Remove doors. Remove fire brick from inside. Disconnect chimney pipes. Get a good appliance dolly, and a couple ratchet straps. Get it on the dolly, ratchet it in place. Narrow end against the dolly. Two feet on the bottom lip. Get a strong friend, and haul it up and out.

I use this one for moving jukeboxes and coke machines. They weigh about the same as your stove, and I do them myself unless I'm going UP stairs, then I'm up top pulling and someone is below pushing. See the rollers on the back? Those go against the stair edges as you go up or down. You'll be able to rent something like this.


----------



## Sketchy Jeff (Jan 12, 2019)

around here you would put it on a local online classified or kijiji in the categories for hunting and fishing or farming and somebody would be more than happy to haul it away and use it in a situation that requires no WETT inspection and would pay good money for it if it's located at a height that can be loaded onto a truck without too much trouble

if you don't want to risk your stairs and flooring to rural moose hunting farmer oafs then go with the piano mover idea as far as getting it up to your garage or out the front door and then ask whatever the movers' fee is for it. mention in the ad that it's at main floor level or even better if it's a few stairs up at pickup truck bed height and that saves the man-cave guy from a bunch of work and providing a hundred bucks worth of pizza and beer to his strong backed friends who will also want to come out to the hunt shack and sit around it next fall.

j


----------



## mawmow (Nov 14, 2017)

Sorry, I had skipped the meaning of "WET" inspector :
I thought you meant you did not have to fear any flood ! 
So, it has to go.
I once had one gone with the worker as payment for closing the chimney.


----------



## Rollin Hand (Jul 12, 2012)

jayoldschool said:


> Remove doors. Remove fire brick from inside. Disconnect chimney pipes. Get a good appliance dolly, and a couple ratchet straps. Get it on the dolly, ratchet it in place. Get a strong friend, and haul it up and out.
> 
> I use this one for moving jukeboxes and coke machines. They weigh about the same as your stove, and I do them myself unless I'm going UP stairs, then I'm up top pulling and someone is below pushing. See the rollers on the back? Those go against the stair edges as you go up or down. You'll be able to rent something like this.

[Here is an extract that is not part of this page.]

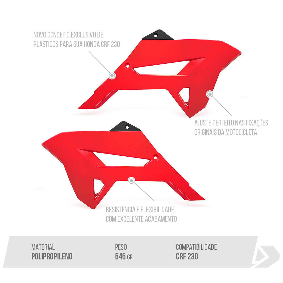 Plásticos moldados por injeção, com ajuste perfeito nas fixações originais da motocicleta.

Interesting. The stove itself weighs 562 pounds, but I am betting with the cast iron doors removed, we could get it down to ~ 520. But I still worry about the integrity of the stairs going up. I am a huge guy, and to get under it and push I would need a similarly "prosperous" friend. That would mean a LOT of weight being held up by 2 2x12s and some steps ( I would likely shore them up somehow). I would also be worried about killing my friend or myself.

Apparently these folks took stoves seriously. The top is 5/16 steel, and the sides are 1/4-inch thick.

EDIT: I should add that I have bad knees, so doing this with the dolly myself is likely out.


----------



## Johnny6String (Aug 27, 2018)

If it’s steel and not cast, maybe a saws all and a box of blades…..and good hearing protection.

Johnny


----------



## Rollin Hand (Jul 12, 2012)

Johnny6String said:


> If it’s steel and not cast, maybe a saws all and a box of blades…..and good hearing protection.
> 
> Johnny


Well, that would be more time and less sparks than an angle grinder.....


----------



## nnieman (Jun 19, 2013)

Remove doors & firebrick
List locally for cheap on kijiji/ marketplace.
As is where is.
Someone will come get it.

It would be great for a garage, workshop or hunt camp.

Nathan


----------



## 1SweetRide (Oct 25, 2016)

mawmow said:


> I would keep it anyway !
> Meanwhile, put something like a Leprechaun on it : Could help the magic of the music, ain't it ?


I’m fresh out of leprechauns. Where does one find them these days?


----------



## BlueRocker (Jan 5, 2020)

Put strings on it and post it on Kijiji. @2manyGuitars will be over shortly.

Seriously, an angle grinder with some thin cutoff wheels will make short work of that - you probably only need to cut it in half and remove the bricks and doors to make it manageable for two people.


----------



## KapnKrunch (Jul 13, 2016)

The stove is a classic. Do not destroy. Disconnect, Move out of the way and save for a snowy day. As @Mooh said: one emergency and you will never regrat it. Mine is in the garage. We used it yesterday after the surprise SECOND blizzard of April when the power went out.

Even so, there is no need to damage the stove. Remove eveything possible. The doors are cast. The rest is steel and won't "smash". Cutting that much 1/4" with a stone is just dumb. 

@jayoldschool has the right approach. Do that.


----------



## Paul Running (Apr 12, 2020)




----------



## Rollin Hand (Jul 12, 2012)

KapnKrunch said:


> The stove is a classic. Do not destroy. Disconnect, Move out of the way and save for a snowy day. As @Mooh said: one emergency and you will never regrat it. Mine is in the garage. We used it yesterday after the surprise SECOND blizzard of April when the power went out.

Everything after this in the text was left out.